> [TASK DETAILS]:
Skipping all pictures, print exactly the lines below from the one with "BCBGeneratin black leather, ankle" through the final line.

*** Opening SOURCE MATERIAL ***

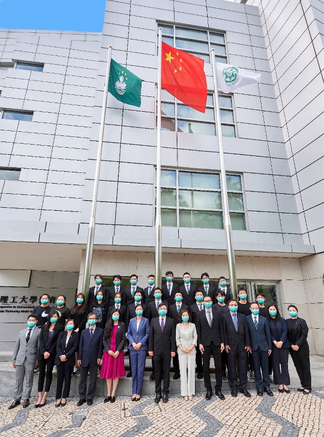 澳门理工大学于今天(9月5日)早上八时举行新学年升旗仪式,弘扬爱国爱澳精神,提升大学生对祖国的认同感和归属感,向祖国及澳门特区送上祝福,向学子送上新学年祝愿,场面庄严隆重。澳门理工大学校长严肇基、副校长李雁莲、秘书长李惠芳,以及大学各学院院长及副院长、各部门主管及师生一同参与。
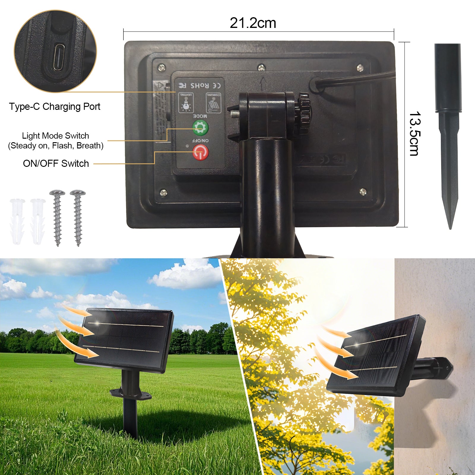 - Zero-Cost Dual Charging Options: These outdoor string lights feature a high-capacity solar panel (3600mAh) that fully charges in 8 hours under sunlight, providing 8-10 hours of operation. On rainy days, they can be conveniently charged via the USB-C port.
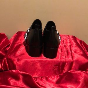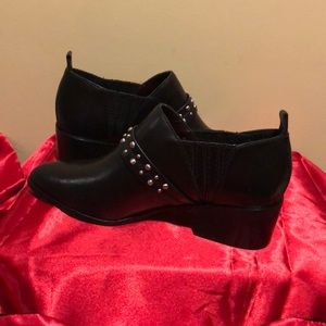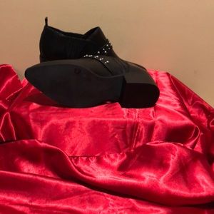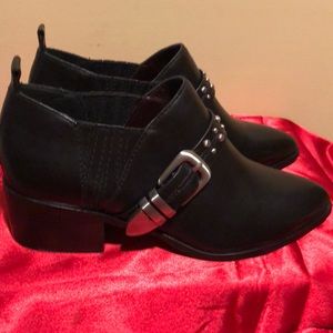 BCBGeneratin black leather, ankle top,1.75”heels,silver buckle ,cross strap with silver studs,7M pointed toes.
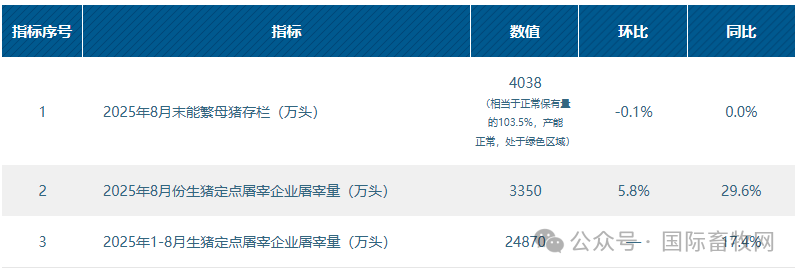 产能过剩是当前养猪业面临的核心问题。农业农村部数据显示,8月末全国能繁母猪存栏量4038万头,为3900万头正常保有量的103.5%,较7月末下降4万头,环比-0.1%。
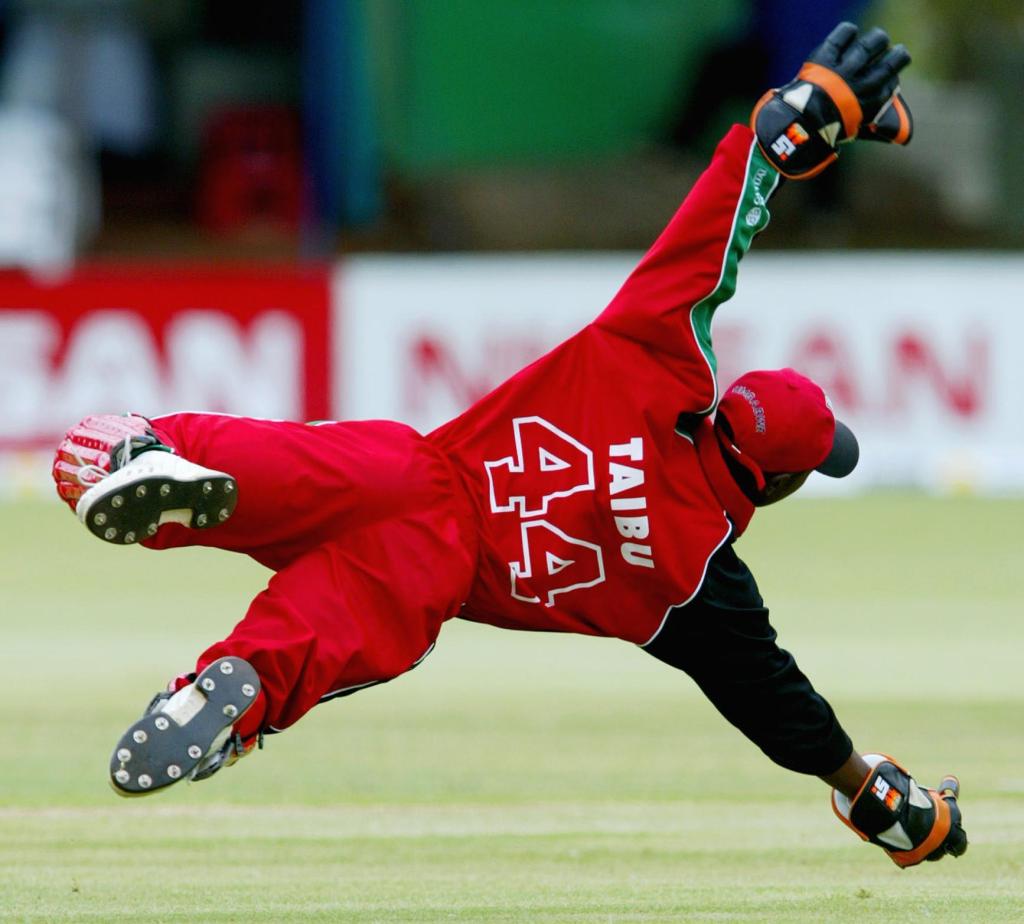 Zimbabwe Wicket-keeper and Captain Tatenda Taibu dives through the air as England take on Zimbabwe during the fourth one-day international match of the series between England and Zimbabwe at the Queens Sports Club, Bulawayo. PA / Alamy Stock Photo
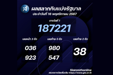 ผลสลากกินแบ่งรัฐบาลงวดประจำวันที่ 16/11/67
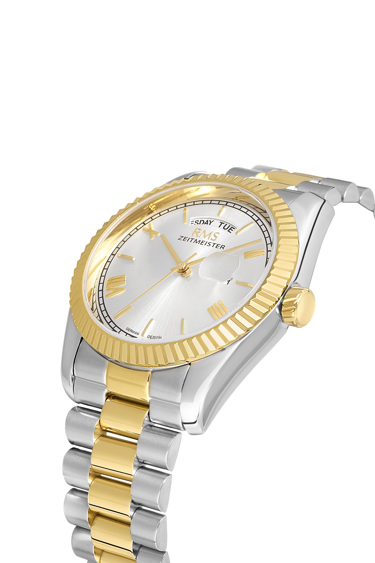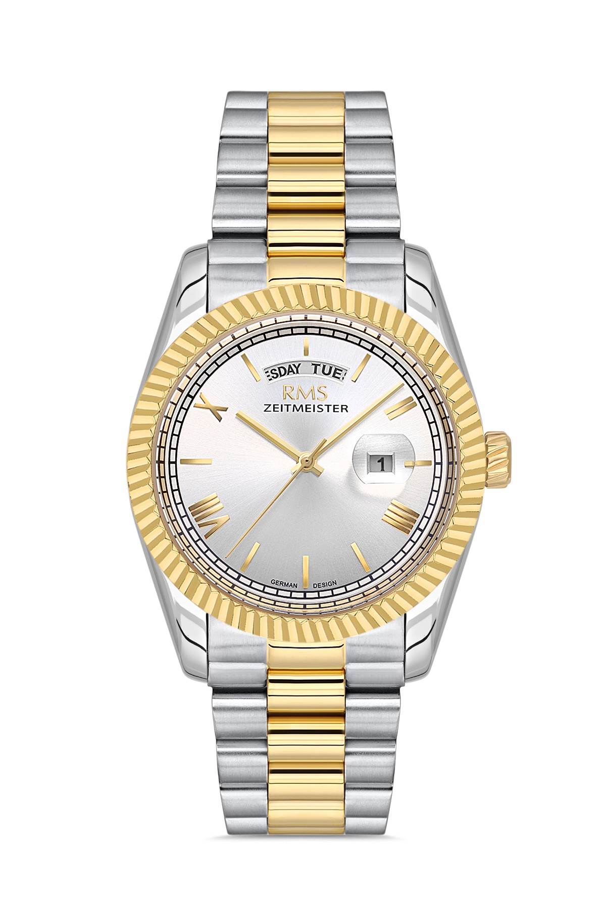 Erkek - Takvi̇mli̇ - Sari Beyaz - Gümüş - Paslanmaz Masi̇f Çeli̇k - 5 Atm - Sertleşti̇ri̇lmi̇ş Mi̇neral Cam - Grand Romanson - 43
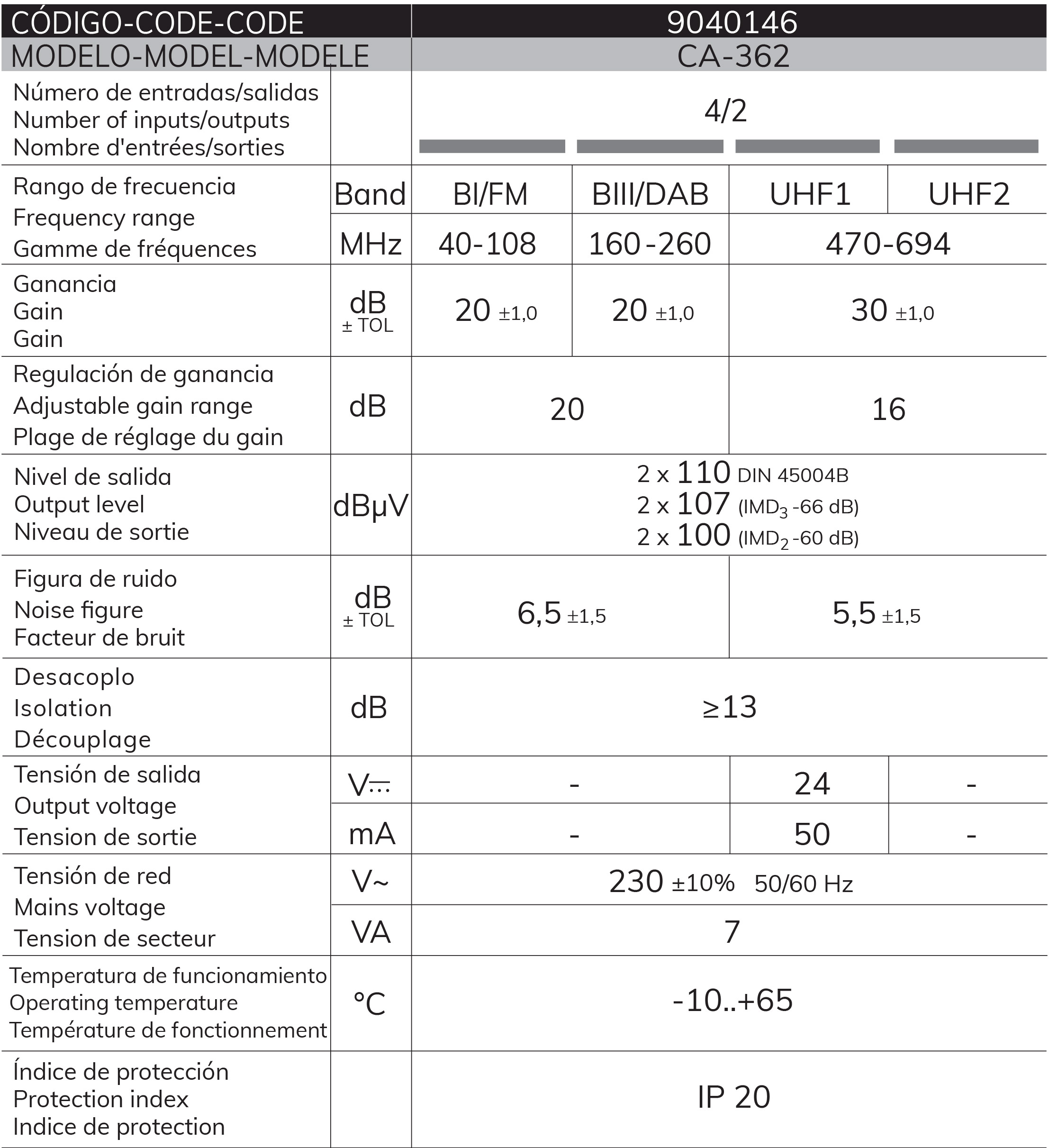 Fabriqué en plastique ABS, avec un châssis zamak interne qui offre un blindage maximal. Connecteurs de type F qui permettent une connexion avec un minimum de désadaptation et un blindage élevé. Bloc d'alimentation isolé du reste du circuit haute fréquence, conforme à toutes les normes de sécurité. Connecteurs de type F à visser ou à sertir.

*** Closing SOURCE MATERIAL ***

> [THE ANSWER]:
 BCBGeneratin black leather, ankle top,1.75”heels,silver buckle ,cross strap with silver studs,7M pointed toes.
 产能过剩是当前养猪业面临的核心问题。农业农村部数据显示,8月末全国能繁母猪存栏量4038万头,为3900万头正常保有量的103.5%,较7月末下降4万头,环比-0.1%。
 Zimbabwe Wicket-keeper and Captain Tatenda Taibu dives through the air as England take on Zimbabwe during the fourth one-day international match of the series between England and Zimbabwe at the Queens Sports Club, Bulawayo. PA / Alamy Stock Photo
 ผลสลากกินแบ่งรัฐบาลงวดประจำวันที่ 16/11/67
 Erkek - Takvi̇mli̇ - Sari Beyaz - Gümüş - Paslanmaz Masi̇f Çeli̇k - 5 Atm - Sertleşti̇ri̇lmi̇ş Mi̇neral Cam - Grand Romanson - 43
 Fabriqué en plastique ABS, avec un châssis zamak interne qui offre un blindage maximal. Connecteurs de type F qui permettent une connexion avec un minimum de désadaptation et un blindage élevé. Bloc d'alimentation isolé du reste du circuit haute fréquence, conforme à toutes les normes de sécurité. Connecteurs de type F à visser ou à sertir.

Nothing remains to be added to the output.